D’entre les ogres

Dedieu et Baum sont les auteurs d’une œuvre commune d’environ dix titres.

Ensembles, ils nous ont habitués à des narrations très économes dans la forme et très dilatées dans les interrogations. Allez donc lire L’Amazonie dans mon jardin, Un royaume sans oiseaux, J’ai adopté un crocodile, Le baron bleu, Camille est timide, Le totem, Un mur sur une poule…

Vous verrez qu’à coup d’humour, d’images et de mots, leur monde de fictions rend toujours compte de la complexité de la vraie vie et des interrogations qui l’animent !

Chaque fois, sans bourgeonnement lexical, dans une grammaire ramassée, la langue de Baum accompagnée par l’image de Dedieu, à moins que ce ne soit l’inverse, articule tranquillement avec netteté un propos complexe.

Dans leurs derniers albums : D’ Entre les ogres, la phrase est brève, limpide, dure. Elle sert/serre son sujet au plus près de l’effroi. La phrase est rejointe par l’image très grand format qui l’accompagne et la complète. Voyez plutôt : pendant que le texte elliptique dit «  seul au milieu de la forêt, un panier pleure. » l’image nous donne à voir le bébé abandonné qui s’y trouve. Chacun des médias contribue à l’histoire qui démarre.

La situation initiale est glaçante : dans l’univers d’arbres et de papier, deux créatures immenses aux yeux globuleux et aux dents pointues occupent tout l’espace du livre. Le texte sans répit poursuit : « une main s’en saisit. C’est une main d’ogre » comme des serres de rapaces, les mains des personnages effrayants vont se refermer sur l’osier dans lequel l’enfant si blanc, si vulnérable s’est endormi.

« Grands sourires et dents dehors, c’est le plus beau jour de leur vie ». On tremble. Déjà dans l’effroi de la dévoration qui va suivre, on tourne nerveusement la page mais oh surprise, les ogres n’ont pas dévoré l’enfant, bien au contraire, ils lui ont attribué un joli prénom et endossent solidement le rôle d’adultes parentaux.

La petite chose humaine abandonnée des hommes est adoptée par les deux monstres. Au fil du livre, ces grosses créatures de littérature vont réserver à la fillette une éducation hybride mais aimante : elle grandit, acquière le langage mais « avec le temps viennent les mots et avec les mots les questions qui dérangent. »

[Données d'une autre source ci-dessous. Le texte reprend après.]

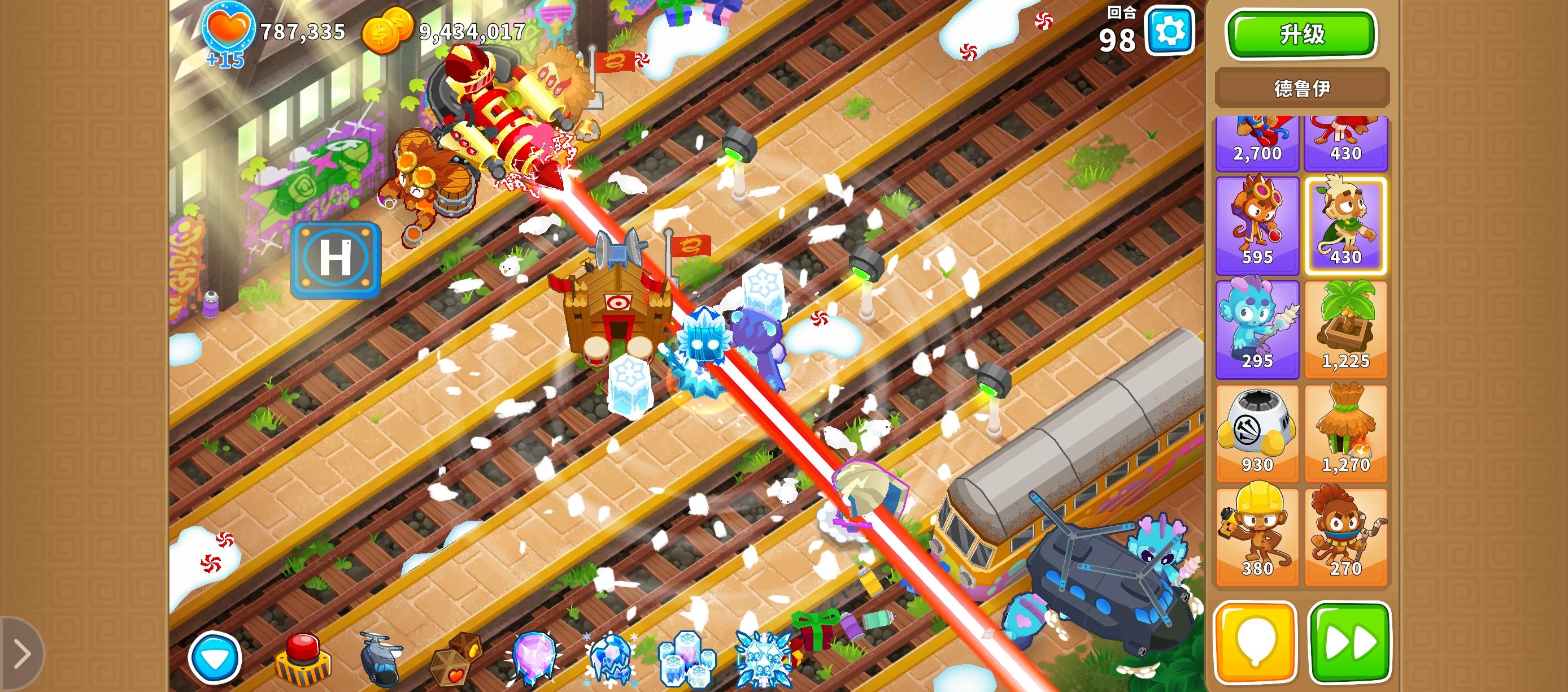 最近在研究这个新图,发现7狙根本打不了,十几个狙都不行,就一直寻思这个图。单飞行堡垒不行,这是六条路,飞艇中间爆开陶瓷两边飞。很明显要中间高穿透,最好来点控。稍微试了试,这420猴村+052冰猴是差一点距离,但是吃了炼金的药,是刚好三路覆盖。当然最直接的办法就是上西拉斯,8级西拉斯+420猴村+052冰猴也是一样的效果,三路覆盖。中间感觉500机枪最合适,但是这玩意干不过强化ddt,还得另外想
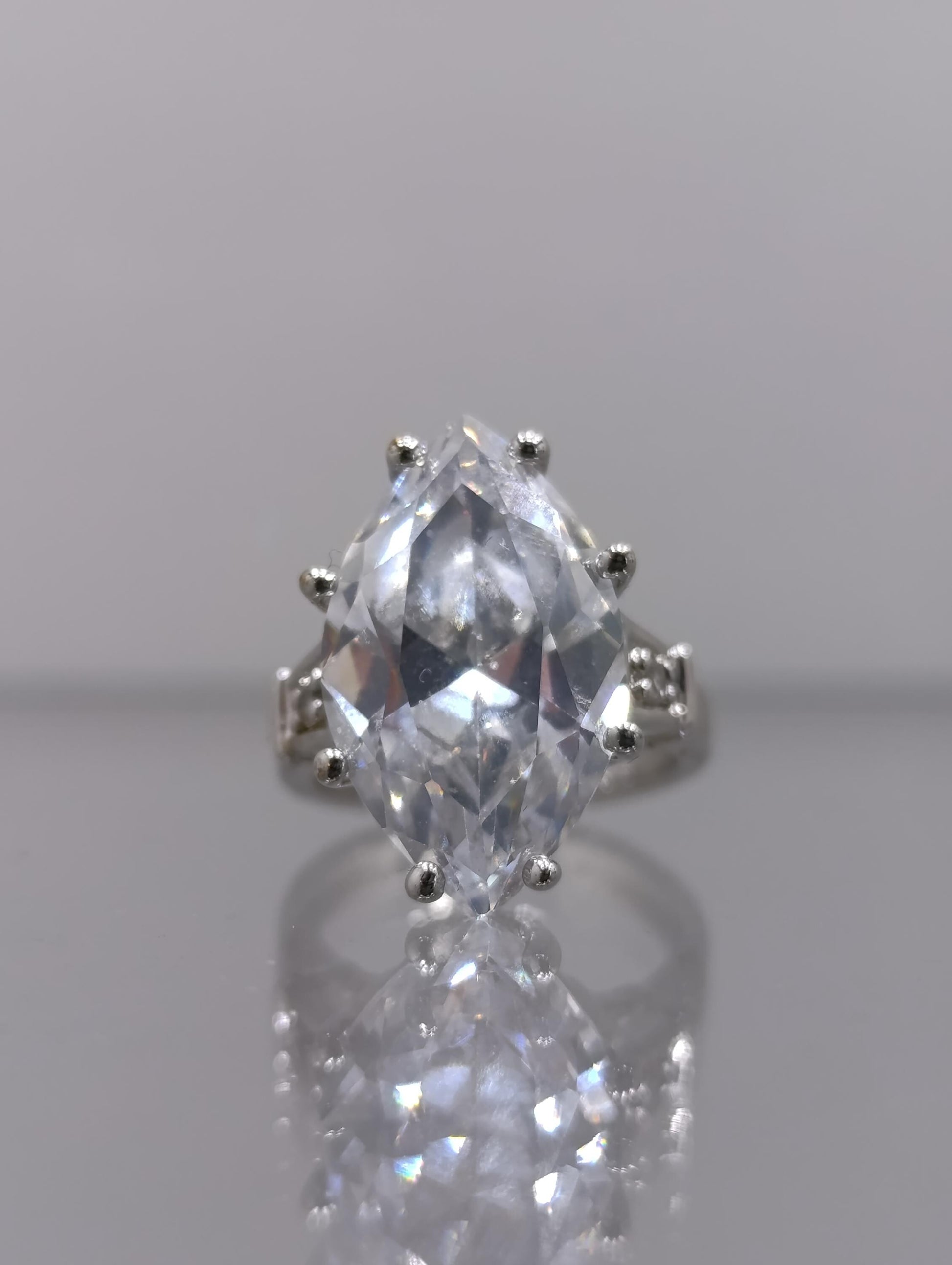 This vintage solitaire ring is a stunning statement piece, crafted from sterling silver. The elegant band features a huge 4ct sparkling cubic zirconia stones. This ring is perfect for adding a touch of glamour to any occasion.
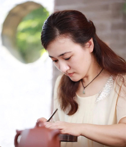曹洁简介:女,宜兴人,1975年生,国家级高级工艺美术师,1991年进紫砂工艺厂,师承研究员级高级工艺美术师庄玉林老师学艺,同时受中国工艺美术大师顾绍培先生精心辅导,1994年至今长期受高级工艺美术师施小马老师的悉心教导,创作颇丰,虚心勤奋,接受能力强,制作技艺因而有了长足进步。1993年被选送进中央工艺美术学院陶瓷造型设计专业学习,作品《异星》被该院收藏,创作理念日益长进。1998年进中国宜兴陶瓷博物馆古陶研究所工作。
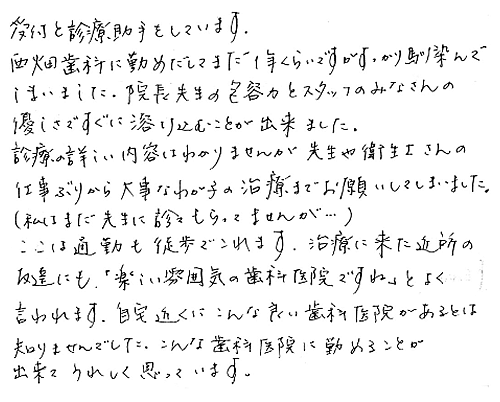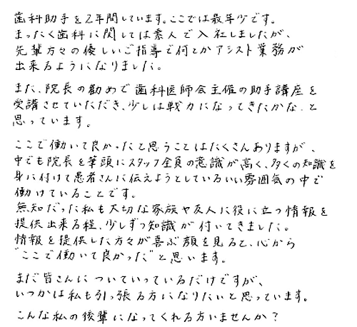 歯科助手募集 現在歯科助手の募集はしていません。 当院で働くメリット 一日の流れ 先輩からのメッセージ 募集要項 歯科助手先輩からのメッセージ 患者さんの喜ぶ顔に心から「ここで働いて良かった!」 自宅近くにこんな良い歯科医院があるとは! 電話での応募お問い合わせ078-594-4182受付時間 10:00~17:00 /木・日休 応募・お問い合わせフォームはこちら 歯科医師募集! 詳しくはこちら 歯科衛生士募集! 詳しくはこちら 歯科助手募集! 詳しくはこちら 受付事務募集! 詳しくはこちら 見学イベントについて
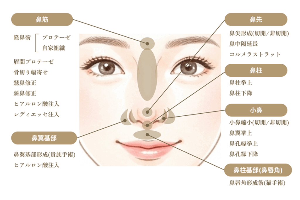 お顔の中心に位置する「鼻」は、全体の印象を大きく左右する重要なパーツです。鼻に関するお悩みは、高さ・長さ・太さ・大きさといった形状に関するものが多いですが、実は 目や口、輪郭とのバランス こそが、美しさを決める大切なポイントとなります。当院では、形成外科専門医 が一人ひとりのお顔全体の調和を考えながら、自然で美しい鼻のデザインを提案し、理想の仕上がりへと導きます。
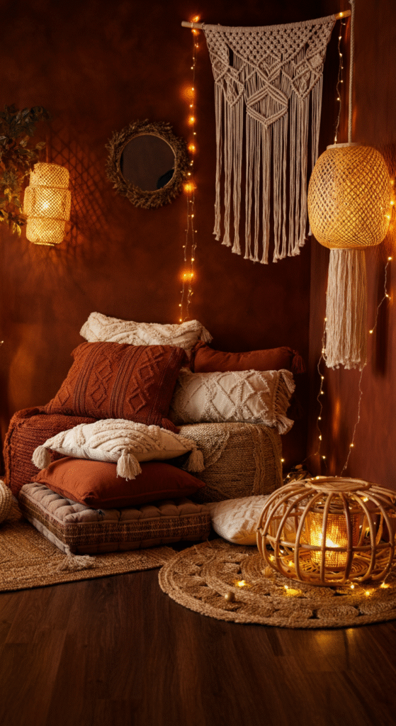 Boho decor adds creativity to your Christmas movie setup. Layered pillows, textured rugs, rattan furniture, and macramé hangings create a relaxed, free-spirited vibe. It’s the perfect style for people who want something different from the usual red-green Christmas theme.
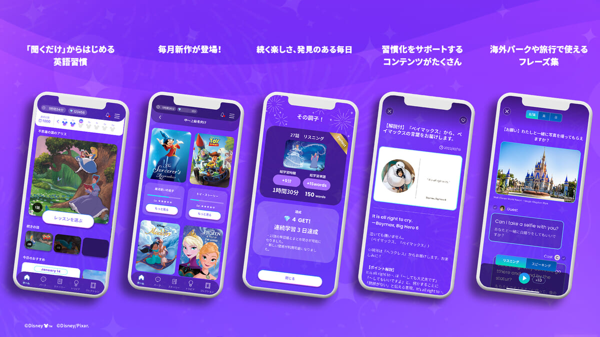 ディズニーやピクサーの作品で英語が学べる大人向け英語学習アプリ「ディズニー ファンタスピーク」
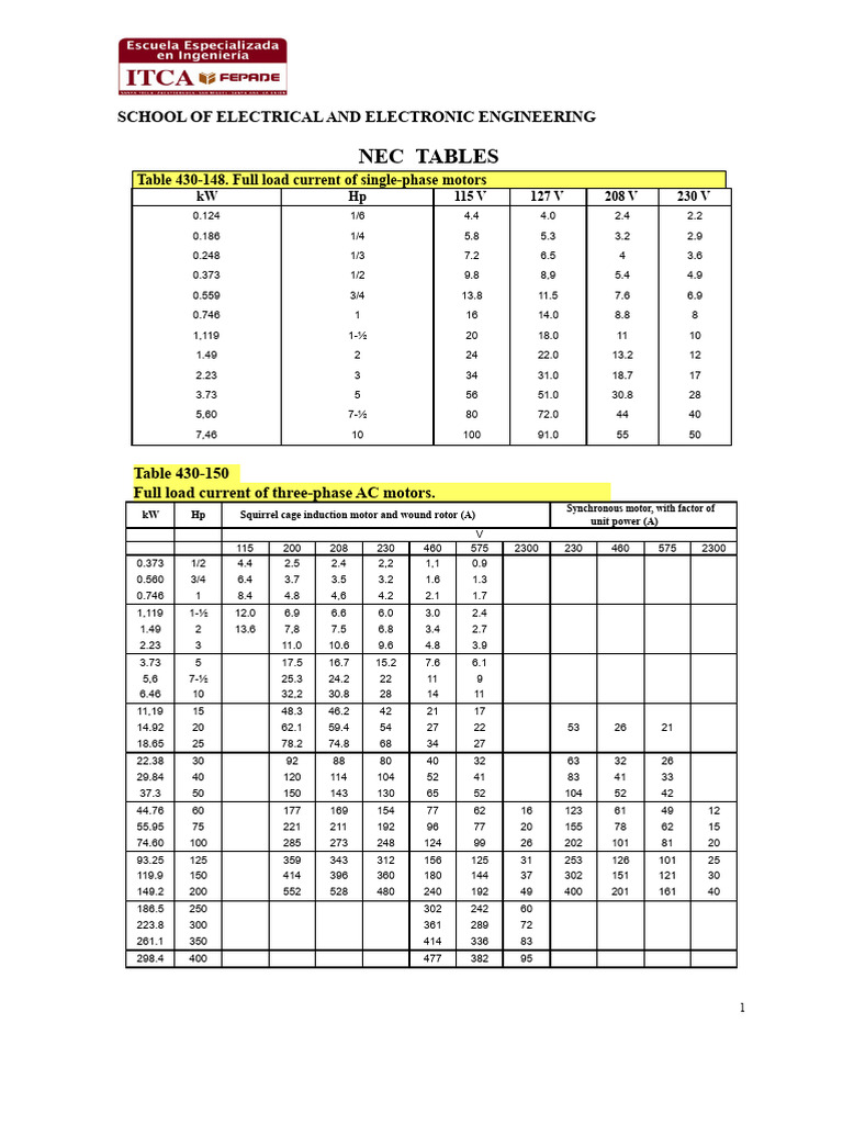NEC Table 430.250: Motor Full-Load Amps | PDF | Electric Motor | Volt

« Pourquoi ne peut-elle pas manger la même chose que ses parents ? » Si le lecteur lettré connaît le régime carné des ogres, la petite, elle, élevée loin des livres en ignore toute la monstruosité. « Pourquoi deux menus autour d’une seule et même table ? » insiste-t-elle. « Quelle est cette odeur dans la cave ? » ses questions de plus en plus insistantes obligeront ses ogres de parents à envisager une séparation tant ils craignent qu’elle découvre la vérité ! Supporter le rejet de l’enfant qu’on aime ? Ils préfèrent l’éloigner de la monstrueuse vérité de la chair humaine qu’ils dévorent. Alors « la mort dans l’âme. L’ogre rend l’enfant aux siens, à ses semblables. » Il la ramène vers le village mais trop aimant, l’ ogre n’arrive pas à la laisser. Le village est pourtant une menace, d’ailleurs le danger ne tarde pas à venir : « il est encerclé. Il est pris. On ne fait pas de procès à un mangeur de chair humaine. On le tue. » « il est présenté sur l’échafaud à la foule hurlante. » Blanche la petite humaine « comprend tout enfin ».  

Mais que comprend-elle exactement ? Ni le texte, ni l’image ne nous le diront pleinement.

« Blanche cherche sur les visages un indice sur sa véritable famille ». 

Son existence hybride née des hommes, élevée chez les ogres, l’a placée entre des communautés adultes vraiment imparfaites… A quelle famille appartient-elle ? Chacune n’est-elle pas porteuse de monstruosités ? Est-ce que l’enfance n’est pas cela essentiellement, une vie d’amour et d’inadéquation à la fois ? A quelle famille appartient-on ?  De laquelle des monstruosités veut-on devenir les héritiers ?  Et si grandir c’était trier nos héritages ? La petite Blanche devra choisir entre  des mangeurs de viande humaine ou des monstres humains qui l’ont abandonnée. Aucune de ces questions encore moins de réponses ne seront articulées dans l’album. Deux auteurs qui nous ont habitués à une très grande clarté de formes l’altèrent et la brouillent brusquement ici dans ce dénouement difficile. Pourquoi ? Est ce mal façon ? Puits sans résolution ? Ou une mine d’or de questions à articuler carrément avec nos enfants ? A chacun d’en décider.